Tuesday, August 3, 2010

I'm like Oliver Wood baby..I'm a Keeper.

I never write in the morning...
but I'm writing about mourning
so I think it works.
I've recently read a blog about how to deal with someone who is mourning. After reading it I realized that I'm even going to be the best at helping people mourn. Is there anything I can't do? No, I can't do that thing where I turn into light! Shut up Jesus. Jeez, always trying to one-up me. It was a rhetorical question!
Anyway, I would have my own show and everything. The Mourning helper! The theme song would start out with a rapid beat, a sort of tarzan vibe, then it would suddenly stop. You hear a huge gasp of breath and a sudden fountain of shrieks, outcries, and overall sadness. Then suddenly all goes quiet and you can just hear the pumpkin shaped frowns being turned upside down. (Quick note: frowns don't go into a complete u shape when you're frowning, so by turning that frown upside down actually makes it form a sort of smirk on your face, instead of a recognizable smile.) Then you would hear a huge voice saying: THE MOURNING, and a small squeaky voice whispering: helper! My gorgous face would then appear, taking up the whole screen, while winking at whoever is watching. I'd be like the mono lisa, except pretty, and without mono. Or was that Mona Lisa? Who knows?
I rode the Harry Potter ride four times now and I have to say that I'm not as impressed as everyone else is. I mean, it's pretty cool how your vehicle thing goes right up to each and every creature and how realistic it feels. Plus, hearing Rons voice makes me feel all happy inside; the anti-dementer feeling, if you will.
Now to be a negative Nancy, or in this case, a negative Neville, or a vivacious Voldemort, or a Hindersome Harry, or a sexy Severus....I've gone too far.

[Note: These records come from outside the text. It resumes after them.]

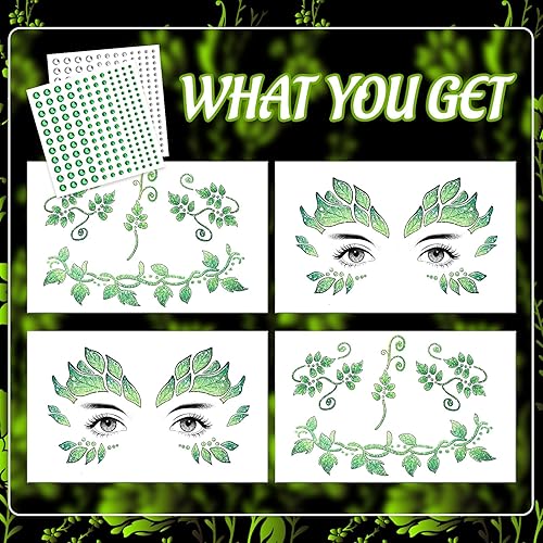 【Halloween Leaf Makeup Kit】You will get a Halloween leaf Girl Makeup Kit, including 4 Sheets leaf face tattoos + 1 sheet Green Face Gems + 1 sheet White Face Gems. Tips: 4 Sheets of leaf Face Tattoos are two packs of leaf makeup patches. Convenient for sharing with family and friends.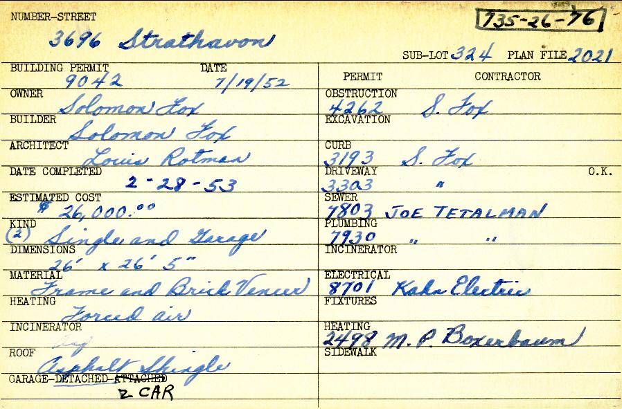 3696 Strathavon Road Shaker Heights, OH 44120 PARCEL ID: 735-26-076 Building Permit Date: 07-19-1952 Plan File Number: 2021, 6383 Microfilm Roll: Roll#31, Roll#85 Neighborhood: Lomond Owner: Fox, Solomon Builder: Fox, Solomon Architect: Rotman, Louis Estimated Cost: 26000 Date Completed: 02-28-1953 Kind: Single Dwelling and Garage (2) Material: Frame and Brick Veneer Heating: Forced Air Roof: Asphalt Shingles Garage: detached 2 car |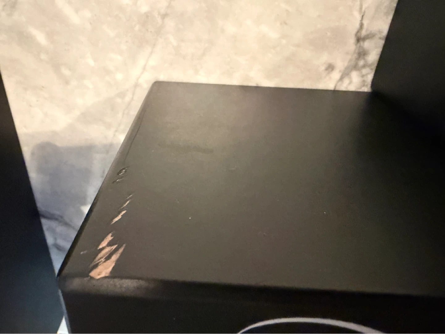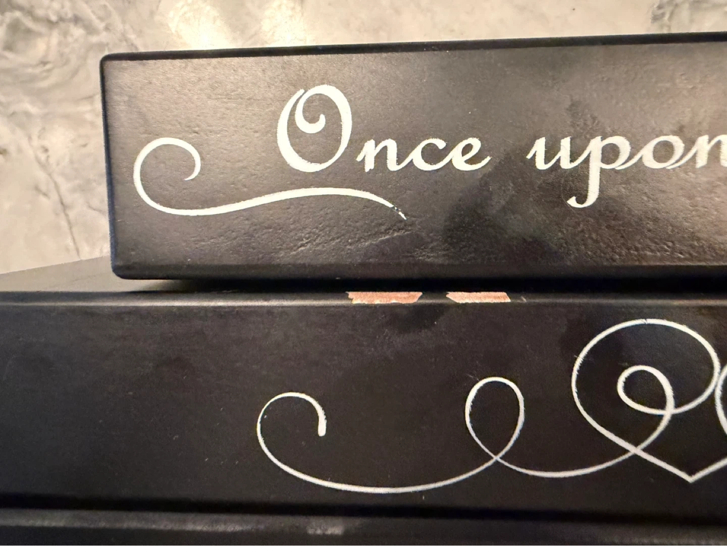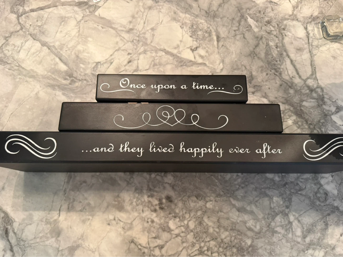 Set of three black decorative floating shelves with white lettering. Two smaller shelves read "Once upon a time..." and "...and they lived happily ever after". Great for home decor! Some minor scratches. Porch pick up east yor in Greektown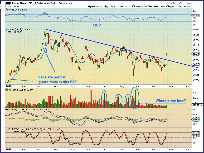 UUP  –  I thought that the USD ETF   showed a strong move without strong volume,  so I wanted to point that out. It may be a false sign of strength.  The UUP tracks a bit off, so it shows a break out where the USD doesnt. Again, I’m wondering, “Is the Dollar going to roll over at the Fed Mtg Wednesday?”.
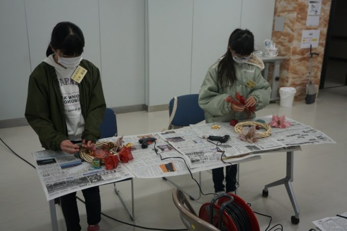年末恒例の成人セミナー「正月用花飾り作り」を開催しました。今年も楽しみに参加する方もいらっしゃいました。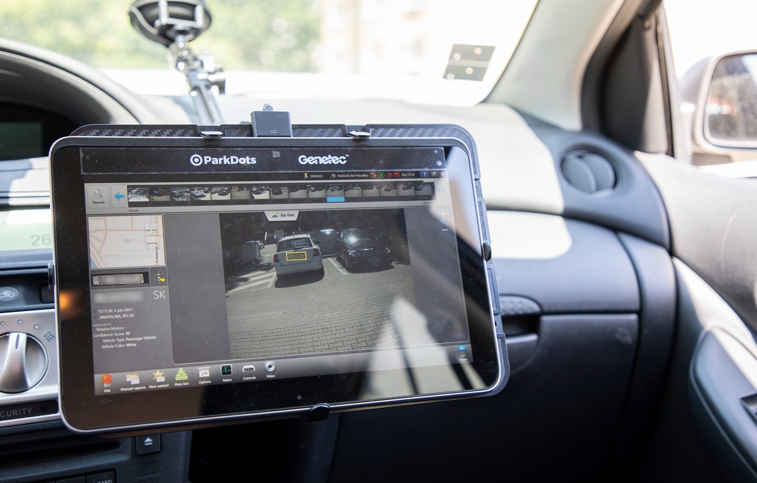 Auto slúži jednak na sčítanie áut, jednak na kontrolu. Systém vozidlá skenuje a fotí. Na monitore vidím, že zachytáva aj tie na ceste, ale vie, že si ich nemá všímať. Na rezidentskom parkovisku softvér vyhodnotí, či ide o auto rezidenta, alebo má zaplatené parkovanie, informácie si vie vytiahnuť z databáz. Ak áno, vozidlo ďalej nerieši, ak nie, posiela údaje o ňom ako hlásenie priamo mestskej polícii. Tá dostane informáciu, o aké auto ide, na ktorom parkovisku sa nachádza, fotografiu, aj detail značky. „Vy teda počas jazdy netušíte, ktoré autá parkujú v súlade a ktoré nie?“ pýtam sa Ivana Lučaniča. „Ani to nepotrebujem vedieť,“ reaguje a dodáva, že to uvidia v systéme v kancelárii, kde chybové značky prechádzajú manuálnou kontrolou. Z 10-tisíc značiek totiž kamery nezosnímajú dokonale zhruba 200.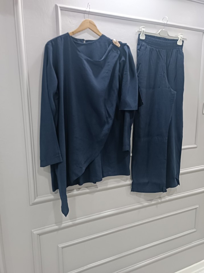 Lacivert, uzun kollu bluz ve pantolon seti. Bluz, yuvarlak yakalı, drapeli ve ipeksi dokuda, pantolon ise rahat kesimlidir.

Oxymorons aren't usually my thing.
Sorry to be a negative Neville, but the story line of the ride made absolutely no sense at all. First of all, letting Muggles into Hogwarts would be preposterous. I mean, they're not supposed to know wizards exsist! I say they because I'm a wizard. While you're in the castle you see Dumbledore, which is obviously impossible because he's dead. After that, you get into the ride and you're supposed to be on a broom following Ron and Harry when suddenly Hagrid asks you if you've seen a dragon. Why would he have a Hungarian Horntail at Hogwarts? I saw no Goblet on fire. I didn't even see a small candle with a flame. Then after you "defeat" the Dragon, you're suddenly in the Forbidden Forest and see the Womping Willow, which really isn't that unbelievable. Suddenly you're then at the Quidich Pitch and Dementors come out of no where to attack you? What? That makes no sense. Dementors were only around when Sirius broke out of prison! Plus, after Voldemort was killed they depleted in numbers and wouldn't be stupid enough to go into the lions den, so to speak. After a couple Dementers glide at you, you're suddenly in the Chamber of Secrets? WTF. I think the maker of the ride just watched the movies, picked a couple of scenes, and made a ride. I can probably recreate the ride by watching the movies and moving from side to side.
The butterbeer made up for everything, probably because I was in a sugar coma, but still.
From now on, I just want Barnes and Noble gift cards for all gift giving holidays. I want it to be so if someone gives me something that's not a Barnes and Noble gift card, they feel really out of place and be looked at like they're a moron. At first they'd think: "Man, all these people gave him the same thing! I am so original". Then I'd open it and a sudden gasp would occur. Everyone would point at the door at say: "Get out". And that'd be the end of that. Hilarious.